Nickelbee Posted July 11, 2011 Posted July 11, 2011 Ex met my sister in a different city by coincidence. Ex was talking about how busy she had been etc, seemed happy,, and told my sister to say hi to me (you really have to say hi to him- she said that with a lot of emphasis, according to my sister). I dont think i would have said something like to this to her family,just been nice of course...is this normal? Am i reading too much into it? I was top of he world until i heard this, put me sort of back a little. After a bad breakup,i cant really imagine telling my ex family if i met them " say a big hello to my ex" ... Any thoughts? It doesnt mean anying i guess, :confused:NC for 3 months +
Movingthrough Posted July 11, 2011 Posted July 11, 2011 Ex met my sister in a different city by coincidence. Ex was talking about how busy she had been etc, seemed happy,, and told my sister to say hi to me (you really have to say hi to him- she said that with a lot of emphasis, according to my sister). I dont think i would have said something like to this to her family,just been nice of course...is this normal? Am i reading too much into it? I was top of he world until i heard this, put me sort of back a little. After a bad breakup,i cant really imagine telling my ex family if i met them " say a big hello to my ex" ... Any thoughts? It doesnt mean anying i guess, :confused:NC for 3 months + This is always the question after a breakup, it seems to be very common for this to happen and im somewhat going through it right now. I think there is a little bit of guilt, so to ease that they try to do indirect communication. Plus in all reality, they still have some sort of feelings, most of the time the dumper doesnt "hate" the dumpee, it just didnt work out. My question was always why dont they just become an adult and say it to my face, even if it is something more "emotional". The reason they dont is because they dont want you to catch feelings again, or get the wrong idea. My number one question through my breakup has been "how can she say this and that but do nothing about it?", my ex still to this day will call me or message me being completely cool and laid back. The minute we start talking more, she throws something out there like "i miss you" or something along those lines.........then i dont hear from her for months. Most of the time dumpees have a justification on why they did it, but it doesnt mean they are free of pain or feelings. I said this the other day on here, but i know 100% my ex still has feelings for me, and while everything looks happy in love land with her new guy, she is still randomly texting me. Do i think she loves me? No. Am i waiting around for her? No. But one thing that isnt discussed a lot on here is that dumpers usually even if they dont show it have some sort of something that makes them do what they do. Your ex was trying to be nice and trying to bury the hatchet if thats the word. I would feel good knowing that you are still in her head, but dont think its going to magically work back out or something. Take it for what it is, someone trying to be mature.

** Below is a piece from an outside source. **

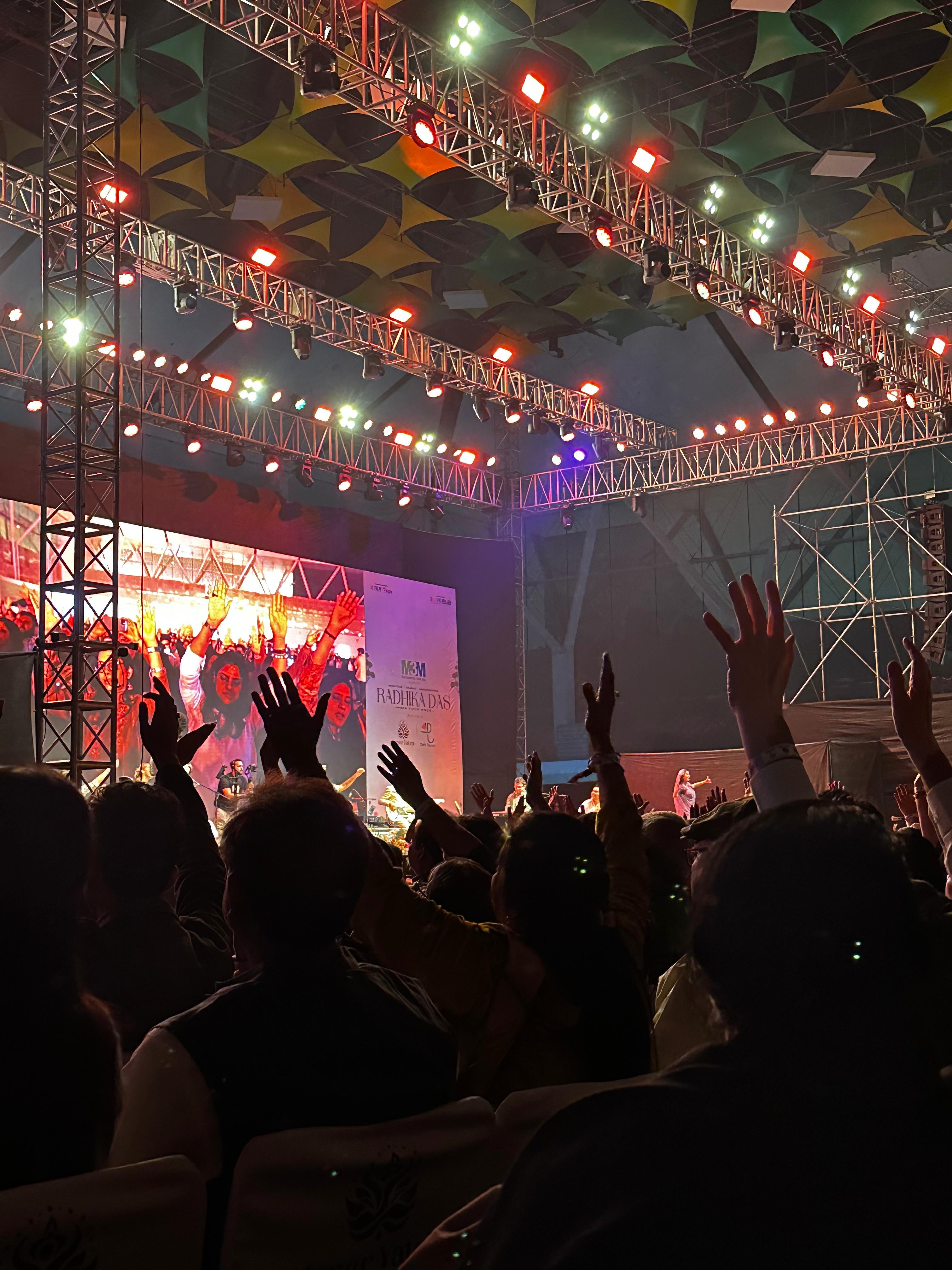 The venue was jam-packed, with the audience singing in chorus and dancing to the devotional tracks.

smudge21 Posted July 11, 2011 Posted July 11, 2011 I always think it depends on the breakup. If you there was cheating involved, lying and betrayal, then when an ex does this it's best left ignored as it's nothing more than them trying off load some guilt, looking for a reaction or some forgiveness, but deep down, they don't really care and haven't changed - if they had, they'd be coming straight back to you! If however, the break up was mutual and just because the romance had died (or something similar), then I see this kind of action as someone just showing that they do still care. Not enough to come back but just that little bit and for that reason you should take it with a smile as it shows you did have an affect on their lives and they still think about you. Like I said though, it depends on how the break up was and how you are with her. Could there be a chance to be friends once all the feelings have gone? Would that be something you'd want? I wouldn't look too much into it or even react. Just carry on with no contact. If she did want to get back with you, then she'd get back with you.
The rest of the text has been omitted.